Many enterprises migrate to AWS for agility, but as a cloud platform that consists mostly of managed services, it doesn't offer all the features a business might need. And this can be the case with VPCs.
Amazon Virtual Private Cloud has fairly restricted network visibility, and VPC Flow Logs -- which analyzes IP traffic -- also has limitations. As a result, some AWS customers turn to third-party tools, such as VMware Network Insight, for a detailed look into their network traffic across their IT architectures, and to simplify network operations.
VMware Network Insight
VMware Network Insight, a network and security analysis service, is one of the bevy of third-party options for enterprises to monitor their traffic. It provides network traffic details for workloads that run on the AWS public cloud and on a software-defined data center through VMware Cloud on AWS. Unlike vRealize Network Insight, which is deployed within an on-premises data center, Network Insight is a SaaS product.
When used with AWS, Network Insight collects VPC Flow Logs information, which contains metrics on security groups, EC2 instances, tags and more. For VMware on AWS environments, it collects IP flow information exports, as well as flow traffic from the vSphere Distributed Switch. Network Insight also gathers other details, such as routing tables, configurations and performance metrics. The service collects and analyzes data every 10 minutes to produce a granular view of network traffic distribution and patterns.
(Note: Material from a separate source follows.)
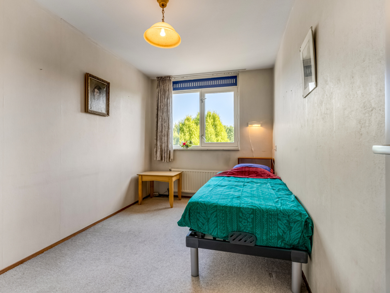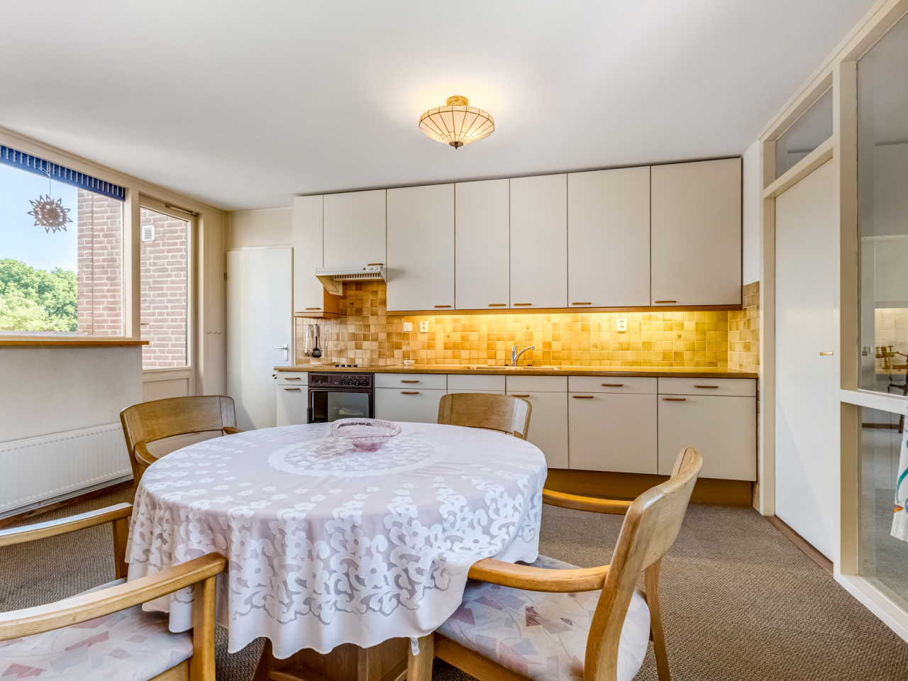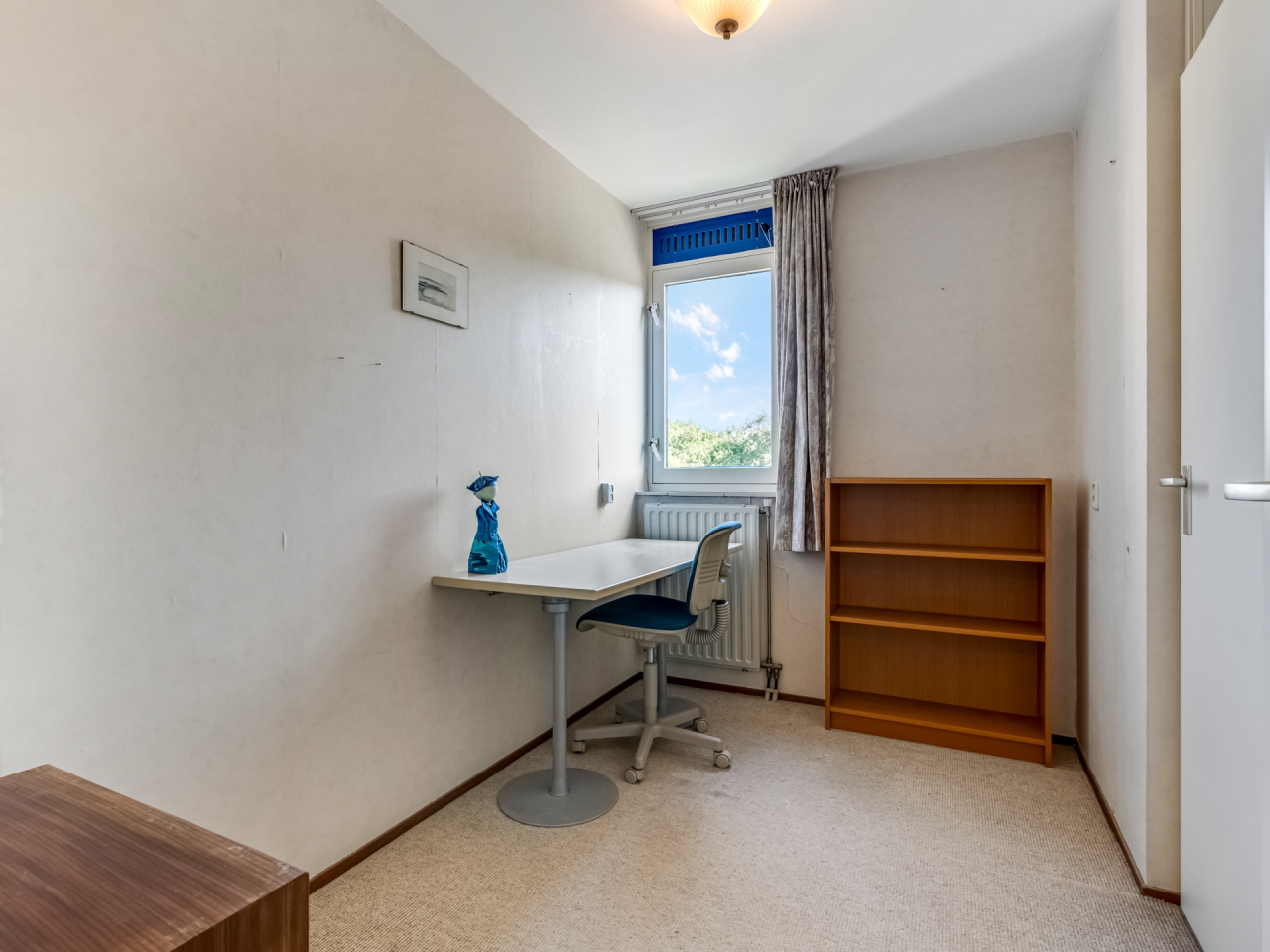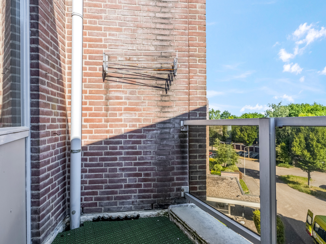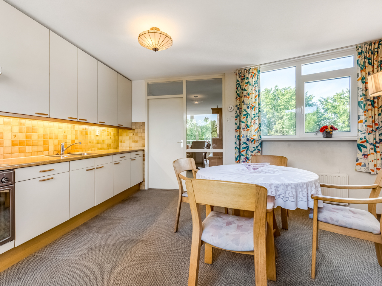 Het appartement bevindt zich op de vierde en bovenste woonlaag. Entree, hal met videofoon, garderobehoek, meterkast en toilet met fonteintje. De royale woonkamer is dankzij de grote raampartijen ook lekker licht. Vanuit de woonkamer heeft u toegang tot het ruime balkon met zonwering. Het balkon met de elektrisch bedienbare zonwering is op het zuiden gelegen en biedt een uniek vrij uitzicht op het groen. De keuken is voorzien van een dubbele spoelbak, een kookplaat, afzuigkap, losse koel-vriescombinatie (ter overname), oven en voldoende opbergruimte. Vanuit de keuken is het op het noorden gelegen tweede balkon bereikbaar. Op onze eigen website kunt u gebruik maken van ons interactieve zon/schaduwstand systeem waarbij u in alle jaargetijden de zon- en schaduwstand ten opzichte van het appartement kunt zien. Technische ruimte met CV-ketel (Bj. 2017 – in eigendom), de mechanische ventilatie en aansluitingen voor wasmachine en droger. Verder beschikt het appartement over drie slaapkamers van een goed formaat. De volledig betegelde badkamer is voorzien van een wastafel met spiegel, inloopdouche, een radiator en mechanische ventilatie. De woning is grotendeels voorzien van tapijt.

This information provides insight into application dependencies, and administrators can use it to monitor, audit and troubleshoot for network security. It also makes recommendations on potential security rules.
However, the service does have some drawbacks for AWS environments. VMware Network Insight is limited to what the VPC flow logs provide, so admins can't see traffic involving Amazon DNS servers or dynamic host configuration protocol, and results at a big disadvantage for troubleshooting certain security issues. Also, if multiple IP addresses are attached to a network interface, only the primary IP will be included in the logs as the destination address -- something that could limit visibility into networking patterns.
Search-driven network insights
VMware Network Insight is completely search-driven, so users can enter a query in the search bar and get insights about the desired resources. For example, an AWS instances or VMware virtual machines search would return a list along with the corresponding information about each group. Admins can filter queries using specific criteria to zero in on factors, such as the flow of data between two instances. This search functionality can be particularly helpful to troubleshoot connectivity issues, either locally or between remote locations.
For AWS customers, this tool can help pinpoint network issues, strengthen security or isolate application dependencies. Moreover, for VMware Cloud on AWS, Network Insight will provide information about packets dropped on NSX Edge Gateway, or NSX Edge high-availability status.
VMware Network Insight charges for hourly consumption, with some options for long-term commitments; it is currently available only in the U.S.